TASK BRIEF:
The line holding "En ellas encontramos" is the last one to output; start at the first line of the data, keep every line in between exactly, and leave out pictures.

INFORMATION SUPPLIED:

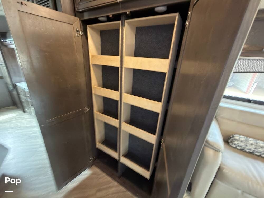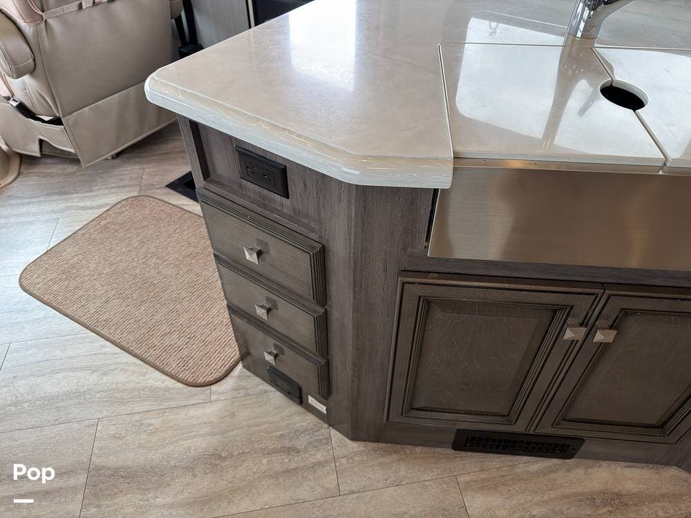 As you enter the coach, the spacious living area showcases the solid hardwood Greystone finish and features an entertainment center with a TV, theatre seating, and a drop-down bed over the cab.
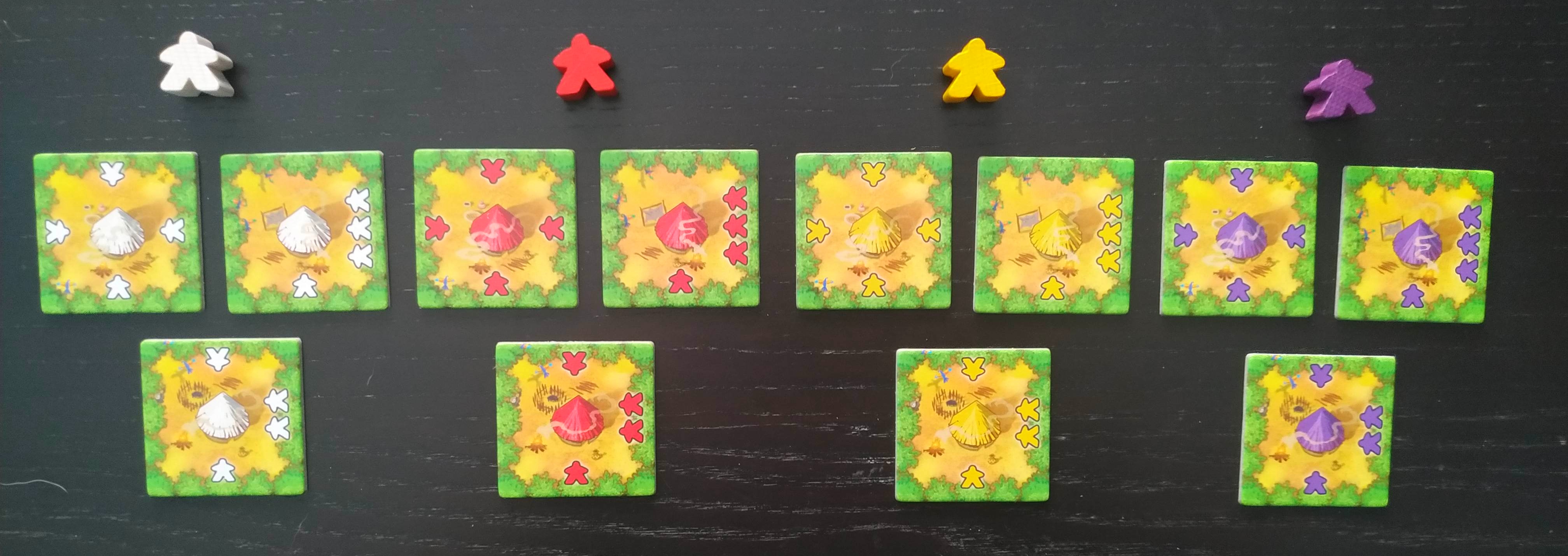 En ellas encontramos una zona de terreno con una cabaña en el centro del color del jugador al que corresponde. Su reverso será también de dicho color. En cada uno de sus márgenes veremos una serie de meeples del color del jugador que siempre sumarán cuatro y nos servirán para activar las losetas adyacentes.
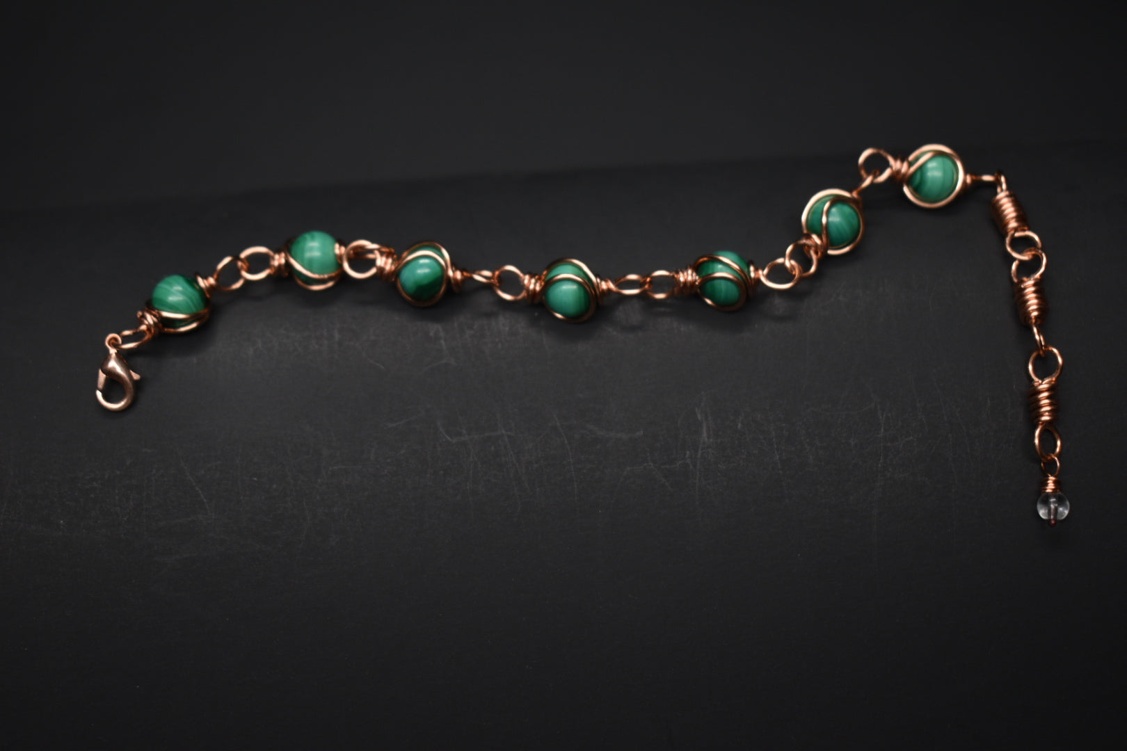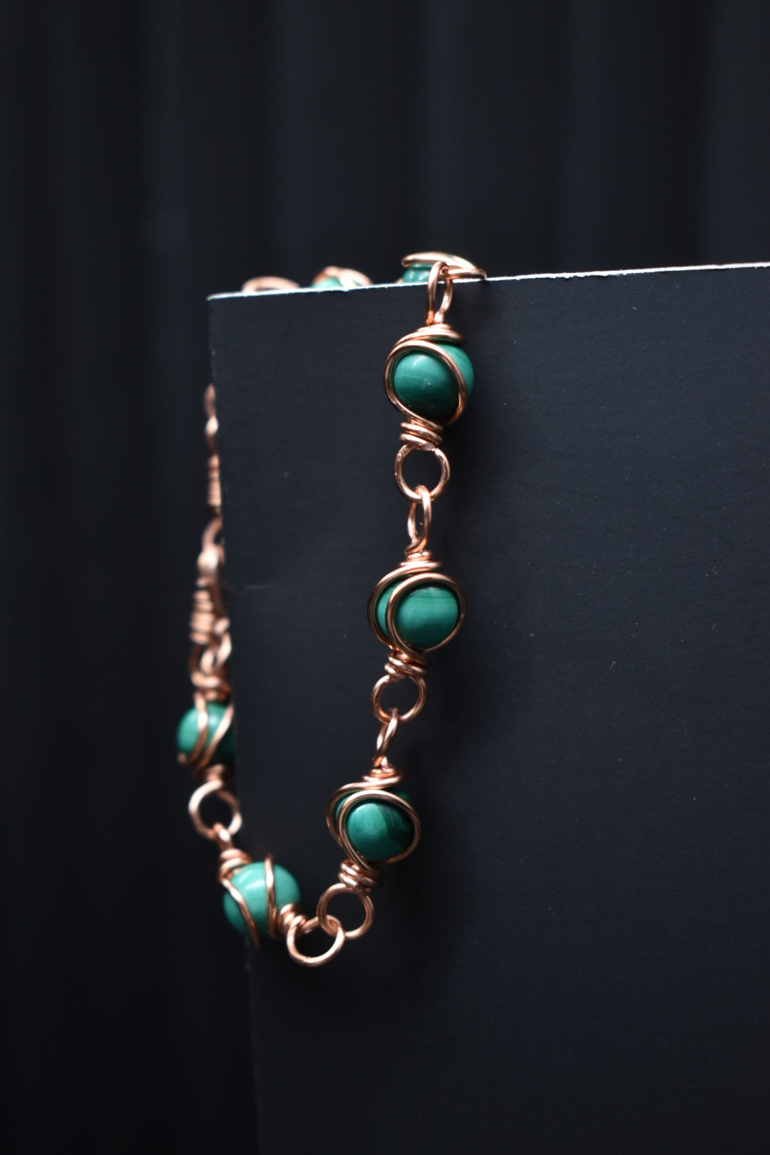The Copper Orbit Bracelet is a dance of spheres and spirals, linked together in a flowing circuit of radiant metal. Each bead rests in its own orbit, held by hand-forged copper wire, creating a rhythm of balance and motion around the wrist.

ANSWER TO THE EXERCISE:
 As you enter the coach, the spacious living area showcases the solid hardwood Greystone finish and features an entertainment center with a TV, theatre seating, and a drop-down bed over the cab.
 En ellas encontramos una zona de terreno con una cabaña en el centro del color del jugador al que corresponde. Su reverso será también de dicho color. En cada uno de sus márgenes veremos una serie de meeples del color del jugador que siempre sumarán cuatro y nos servirán para activar las losetas adyacentes.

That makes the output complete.